AIM OF THE TASK: Leaving out every picture, quote the data below exactly as it appears.

● ● ● ●

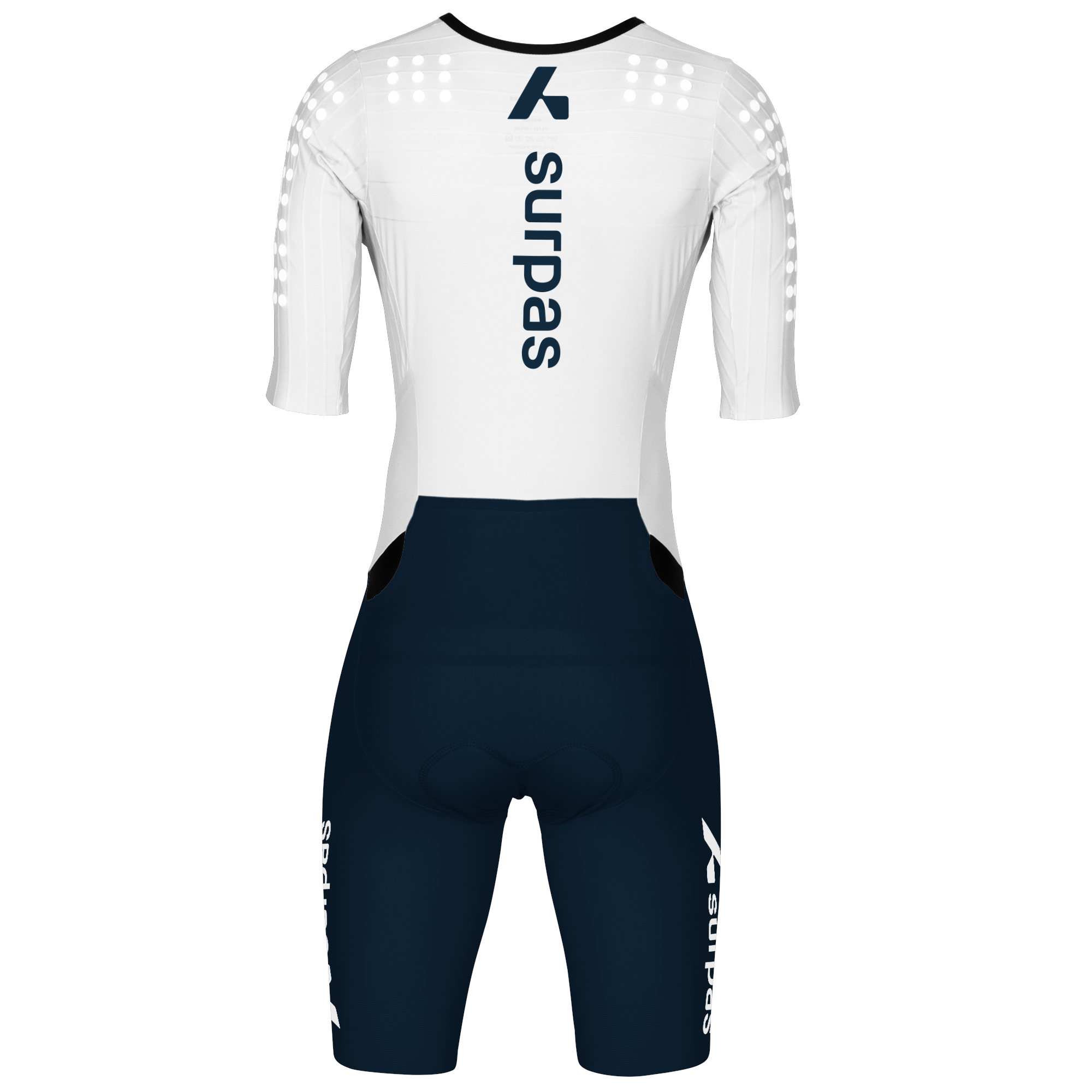 Long Distance Speedsuit with long-distance padding. The suit has aerodynamic turbulators on the shoulders and a back pocket for nutrition.
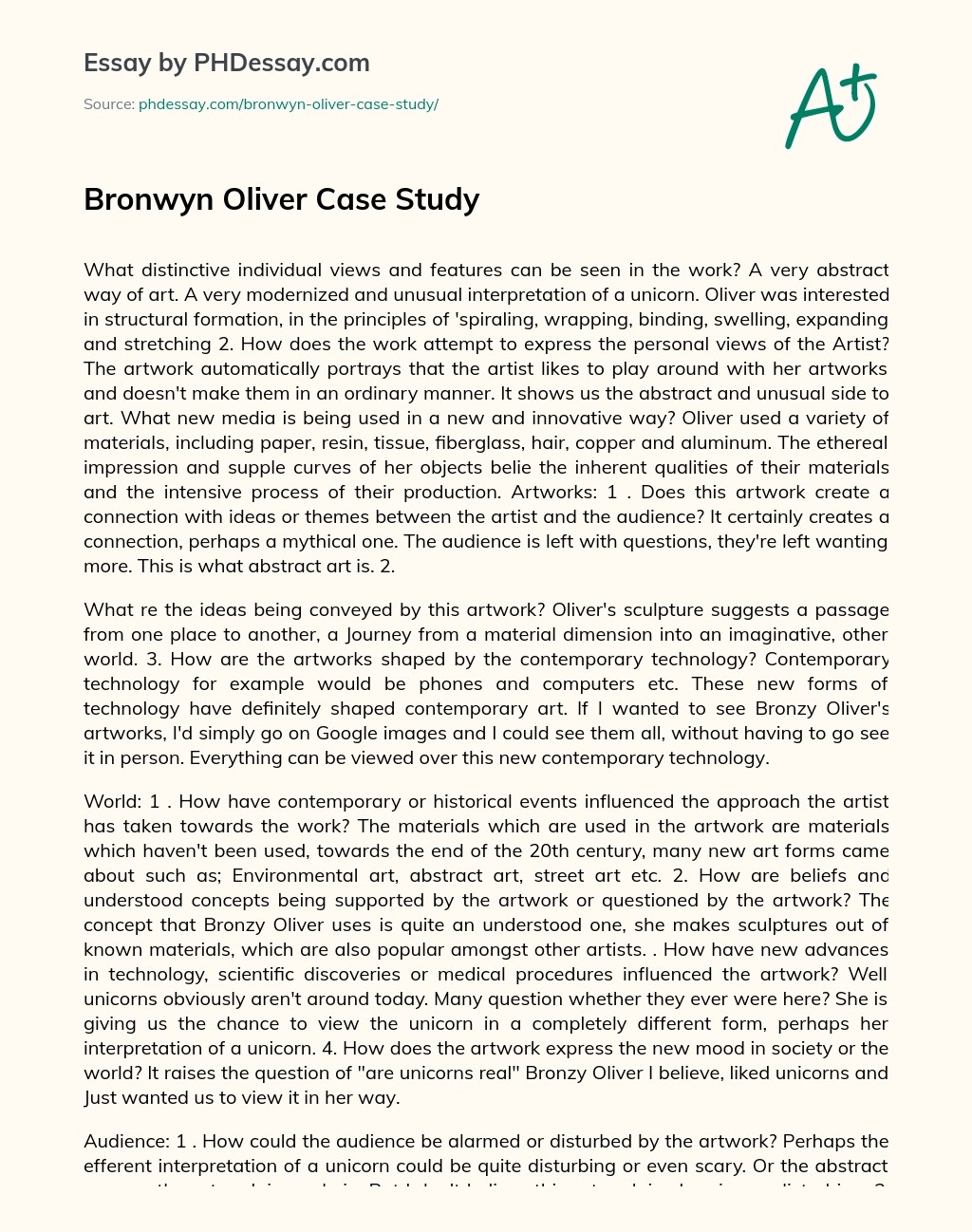 Find the latest shows, biography, and artworks for sale by bronwyn oliver... She didn't leave any personal messages, merely a note for her former boyfriend in... Her stunning metal sculptures writhe and swirl into organic forms.
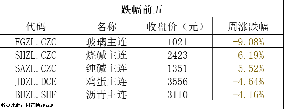 上周邦内期货主连跌幅位居前五的阔别是玻璃-9.08%、烧碱-6.19%、纯碱-5.52%、鸡蛋-4.64%、沥青-4.16%。
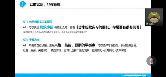 闫施,2016级应用统计专业硕士研究生,现就职于蚂蚁金服风险策略岗。“数据能力+业务能力=无限可能”,“不要给自己设限,选择兴趣、技能、薪酬的平衡点”,闫施员工建议大家在岗位选择上要多多尝试,趁着年轻及时试错,总会找到适合自己的岗位。针对互联网行业的实习,学长推荐了“蚂蚁小招”公众号,公众号上会有很多学长学姐在互联网行业实习的经验贴。他还补充,在互联网公司同事之间比较亲近,没有太多距离感,管理较为扁平化,工作环境比较轻松,身边的同事大多都有满满的社会责任感,积极参与公益事业,真的是“和一群有情有义的人,一起做有价值有意义的事!”。最后,他指出互联网公司的工作压力相对较大,每个人都要制定自己的目标,压力会推动你完成目标,这个过程有些艰辛,但最后的结果会很令人开心。
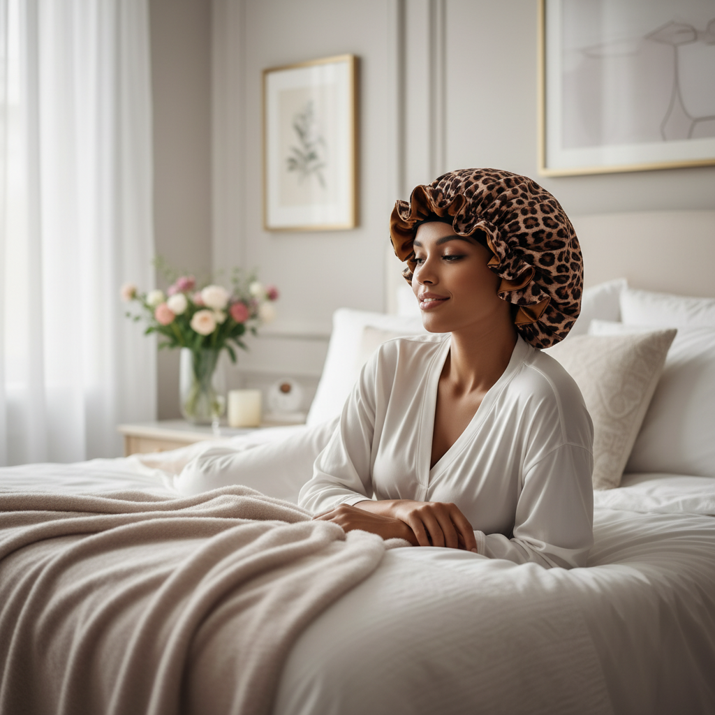 Ce bonnet de nuit est fabriqué en satin double couche et présente un motif léopard. Il est conçu pour couvrir la chevelure durant le sommeil.
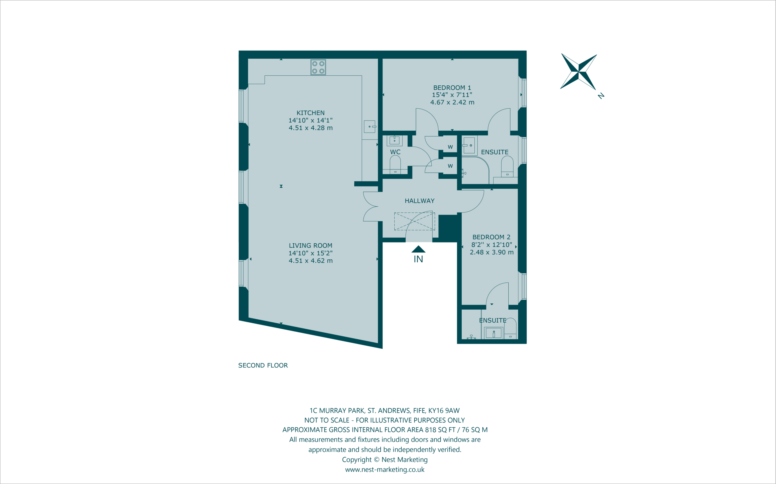 Nestled within the prestigious St Andrews Conservation Area, this second-floor two-bedroom apartment has been beautifully renovated, showcasing a refined interior design throughout, superior finishes and a meticulous attention to detail. A welcoming entrance foyer, elegantly appointed with handsome wooden flooring and a soft, sophisticated colour palette, leads through French doors into a stunning open-plan living room and kitchen. Bathed in natural light from south-east-facing triple windows and continuing the foyer’s tasteful aesthetic, this space is perfect for stylish entertaining and relaxed everyday living. Stretching the full length of the home, the living area offers flexibility in layout, easily accommodating a generous seating arrangement. The kitchen, thoughtfully designed in an L-shape, incorporates a dining area and showcases bespoke wall and floor cabinetry, sleek illuminated white stone worktops, and high-spec integrated appliances, including an eye-level oven, grill, and hob. Both bright double bedrooms are finished to a high standard, each complemented by a luxurious en-suite shower room. These feature contemporary fittings including hidden cistern WCs, wall-hung vanities with built-in washbasins, and chrome heated towel radiators. A guest WC completes the accommodation.
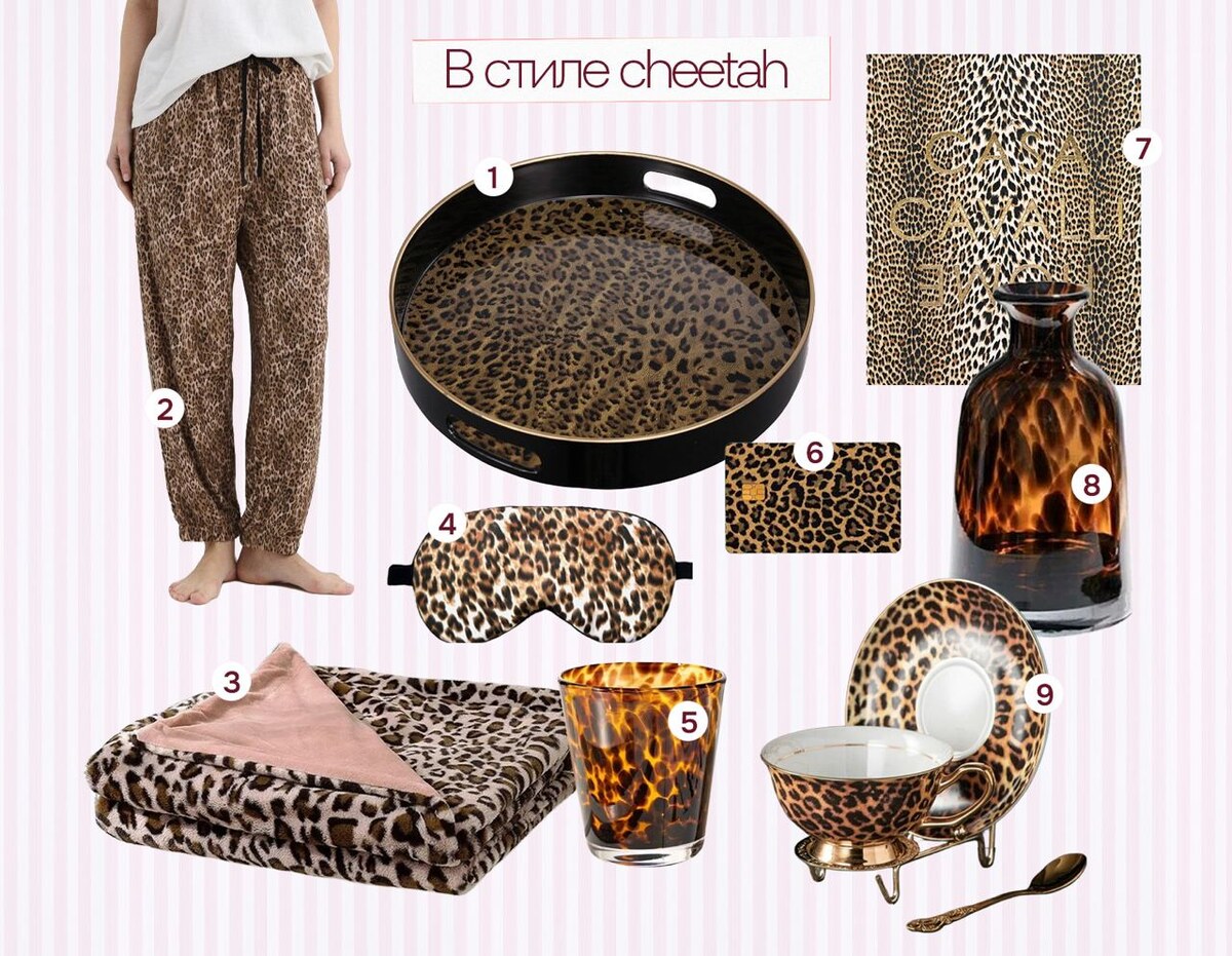 Если вам тоже хочется визуальной ностальгии, вот пятнистая подборка: (1) поднос, (2) домашние штаны, (3) плед, (4) маска для сна, (5) стакан, (6) наклейка на пластиковую карту, (7) коллекционное издание Casa Cavalli Home, (8) ваза, (9) чайная пара
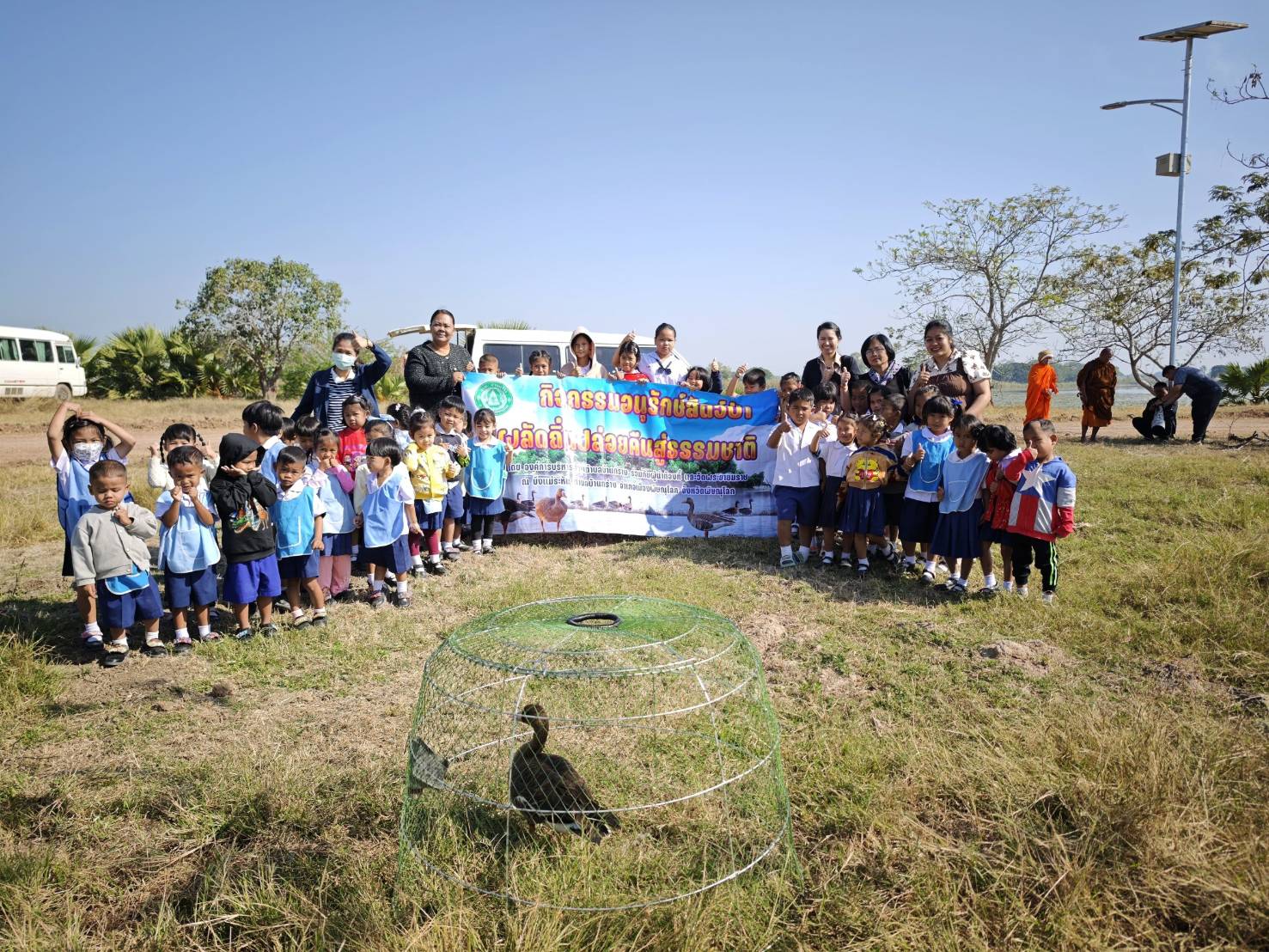 เบื้องต้นได้ประสานหน่วยงานที่เกี่ยวข้องให้ร่วมรักษาห่านให้หายดีก่อน โดยใช้เวลากว่า 1 สัปดาห์ โดยให้อาหารสัตว์ปีกทั่วไปคือข้าวเปลือก รำ เป็นต้น เมื่อห่านหน้าผากขาวใหญ่หายดี จึงได้เชิญผู้บริหาร อบต.บ้านกร่าง นำโดย ร้อยตำรวจเอกเอกธนัช เจริญสุข. นายก อบต.บ้านกร่าง พร้อมกับ เจ้าอาวาสวัดพญายมราช ที่นำห่านมารักษา และนักเรียนจากศูนย์พัฒนาเด็กเล็กแม่ระหัน ตำบลบ้านกร่าง เพื่อจัดกิจกรรมปล่อยห่านหน้าผากขาวใหญ่ ซึ่งเป็นกิจกรรมเล็กๆ แต่ก็สร้างความสุขให้กับเด็กๆ อย่างมาก เนื่องจากเป็นห่านหายากในประเทศไทย

● ● ● ●

PROBLEM SOLUTION:
 Long Distance Speedsuit with long-distance padding. The suit has aerodynamic turbulators on the shoulders and a back pocket for nutrition.
 Find the latest shows, biography, and artworks for sale by bronwyn oliver... She didn't leave any personal messages, merely a note for her former boyfriend in... Her stunning metal sculptures writhe and swirl into organic forms.
 上周邦内期货主连跌幅位居前五的阔别是玻璃-9.08%、烧碱-6.19%、纯碱-5.52%、鸡蛋-4.64%、沥青-4.16%。
 闫施,2016级应用统计专业硕士研究生,现就职于蚂蚁金服风险策略岗。“数据能力+业务能力=无限可能”,“不要给自己设限,选择兴趣、技能、薪酬的平衡点”,闫施员工建议大家在岗位选择上要多多尝试,趁着年轻及时试错,总会找到适合自己的岗位。针对互联网行业的实习,学长推荐了“蚂蚁小招”公众号,公众号上会有很多学长学姐在互联网行业实习的经验贴。他还补充,在互联网公司同事之间比较亲近,没有太多距离感,管理较为扁平化,工作环境比较轻松,身边的同事大多都有满满的社会责任感,积极参与公益事业,真的是“和一群有情有义的人,一起做有价值有意义的事!”。最后,他指出互联网公司的工作压力相对较大,每个人都要制定自己的目标,压力会推动你完成目标,这个过程有些艰辛,但最后的结果会很令人开心。
 Ce bonnet de nuit est fabriqué en satin double couche et présente un motif léopard. Il est conçu pour couvrir la chevelure durant le sommeil.
 Nestled within the prestigious St Andrews Conservation Area, this second-floor two-bedroom apartment has been beautifully renovated, showcasing a refined interior design throughout, superior finishes and a meticulous attention to detail. A welcoming entrance foyer, elegantly appointed with handsome wooden flooring and a soft, sophisticated colour palette, leads through French doors into a stunning open-plan living room and kitchen. Bathed in natural light from south-east-facing triple windows and continuing the foyer’s tasteful aesthetic, this space is perfect for stylish entertaining and relaxed everyday living. Stretching the full length of the home, the living area offers flexibility in layout, easily accommodating a generous seating arrangement. The kitchen, thoughtfully designed in an L-shape, incorporates a dining area and showcases bespoke wall and floor cabinetry, sleek illuminated white stone worktops, and high-spec integrated appliances, including an eye-level oven, grill, and hob. Both bright double bedrooms are finished to a high standard, each complemented by a luxurious en-suite shower room. These feature contemporary fittings including hidden cistern WCs, wall-hung vanities with built-in washbasins, and chrome heated towel radiators. A guest WC completes the accommodation.
 Если вам тоже хочется визуальной ностальгии, вот пятнистая подборка: (1) поднос, (2) домашние штаны, (3) плед, (4) маска для сна, (5) стакан, (6) наклейка на пластиковую карту, (7) коллекционное издание Casa Cavalli Home, (8) ваза, (9) чайная пара
 เบื้องต้นได้ประสานหน่วยงานที่เกี่ยวข้องให้ร่วมรักษาห่านให้หายดีก่อน โดยใช้เวลากว่า 1 สัปดาห์ โดยให้อาหารสัตว์ปีกทั่วไปคือข้าวเปลือก รำ เป็นต้น เมื่อห่านหน้าผากขาวใหญ่หายดี จึงได้เชิญผู้บริหาร อบต.บ้านกร่าง นำโดย ร้อยตำรวจเอกเอกธนัช เจริญสุข. นายก อบต.บ้านกร่าง พร้อมกับ เจ้าอาวาสวัดพญายมราช ที่นำห่านมารักษา และนักเรียนจากศูนย์พัฒนาเด็กเล็กแม่ระหัน ตำบลบ้านกร่าง เพื่อจัดกิจกรรมปล่อยห่านหน้าผากขาวใหญ่ ซึ่งเป็นกิจกรรมเล็กๆ แต่ก็สร้างความสุขให้กับเด็กๆ อย่างมาก เนื่องจากเป็นห่านหายากในประเทศไทย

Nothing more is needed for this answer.